Tension rises as Israel, Hezbollah exchange fire
Latest strikes come after Biden envoy visited Beirut in bid to reduce conflict.
Hostilities flared between Israel and Hezbollah militia, threatening to broaden Israel’s war to its northern border amid an impasse in negotiations to reach a cease-fire in Gaza.
Hezbollah launched about 100 Katyusha rockets at northern Israel on Tuesday, the heaviest barrage since the war in Gaza began against Hamas – an ally of the Lebanese group – five months ago.
Hezbollah said its rockets were a response to an Israeli airstrike on Monday night in Baalbek in northeastern Lebanon. Israel retaliated later on Tuesday with more strikes against two Hezbollah military command centres and weapons depots, also in Baalbek, which residents of the area say had been used to support its war efforts in Syria. Israel said the Monday strike in Baalbek was retaliation for drones dispatched to the Golan Heights.
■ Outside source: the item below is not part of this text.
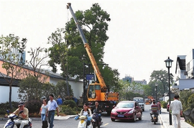 昨天上午,在乘着G20杭州峰会的东风华丽转身的杭州馒头山社区里,园林工人正在用大吊车补种树木(上图)。一位工人乐呵呵地说,峰会虽然闭幕了,但我们绿化的步子一天都没停下来过,我们要把这里绿化成一个美丽的“大公园”。据悉,馒头山曾贵为皇城,走在“山路”上,不经意间就能看到“全国重点文物保护单位”的石碑。但这里也曾是“被遗忘的角落”和“西湖边上没有比这更脏乱差的地方”。如今,整治一新的馒头山社区,白墙黑瓦,庭院深深,既有古色古香的民宅,又有文艺味十足的“公社”(下图),让人仿佛置身美丽的“世外小镇”,流连忘返。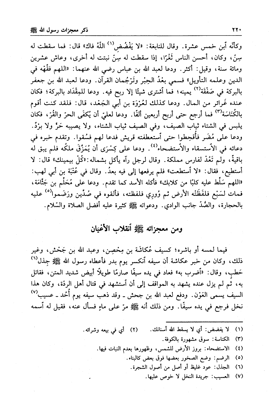 فيما لمسه أو باشره ؛ كسيف عكاشة بن محصن ، وعبد الله بن جحش ، وغير ذلك ، وكان من خبر عكاشة أن سفيه انكسر يوم بدر فأعطاه رسول الله ( صلى الله عليه وسلم ) جذل حطبٍ ، وقال : " اضرب به " فعاد في يده سيفاً صارماً طويلاً أبيض شديد المتن ، فقاتل به ، ثم لم يزل عنده يشهد به المواقف إلى أن استشهد في قتال أهل الردة ، وكان هذا السيف يسمى العون . ودفع لعبد الله بن جحش - وقد ذهب سفيه يوم أحد - عسيب نخل فرجع في يده سيفاً . ومن ذلك أنه ( صلى الله عليه وسلم ) مر على ماء فسأل عنه ، فقيل له اسمه

US President Joe Biden’s special envoy, Amos Hochstein, visited Beirut last week in an effort to halt cross-border fire between Hezbollah and Israel.
Hezbollah has said it would halt attacks on Israel if there were a ceasefire in Gaza, but Mr Hochstein said a truce in the enclave didn’t guarantee calm in Lebanon, and a diplomatic solution between the militia and Israel was necessary.
Israel and Hezbollah have been engaged in tit-for-tat strikes since Hamas’s October 7 attack on Israel, calibrated around unspoken red lines to avoid escalating the conflict into an all-out war. Israel in recent weeks has hit targets far inside Lebanese territory, well beyond the border region usually at the centre of the conflict between the two sides.
The fresh escalation stretches the unstated rules of escalation between the opposing forces, and is partly a result of political pressure on Israeli Prime Minister Benjamin Netanyahu’s government to confront Hezbollah, which is a more powerful force than Hamas, and whose presence on the border has forced 100,000 citizens in northern Israel to evacuate their homes.
This mass displacement “is unprecedented since the formation of the country. It’s a very serious pressure factor on the Israeli government to reshape the security landscape along the Lebanon-Israel border,” said Daniel Sobelman, an Israel-based research fellow with the Middle East Initiative at Harvard Kennedy School.
A similar number of Lebanese citizens has been displaced on the Lebanese side of the border.
Itamar Ben-Gvir, Israel’s national security minister, criticised Defence Minister Yoav Gallant on Tuesday for not responding more forcefully to the latest Hezbollah rocket barrage.
“Gallant, the military is your responsibility. What are you waiting for?” Ben-Gvir said in a video on X. “Over 100 rockets launched at the State of Israel, and you sit quietly?”
Israel insists Hezbollah withdraw all its forces north of Lebanon’s Litani River, 29km from the Israel-Lebanon border, as mandated under a UN resolution that ended the 2006 war. In recent weeks, Israel has hit Hezbollah targets far from that zone. Baalbekis about 100km from the border. Israel also bombed the city two weeks ago.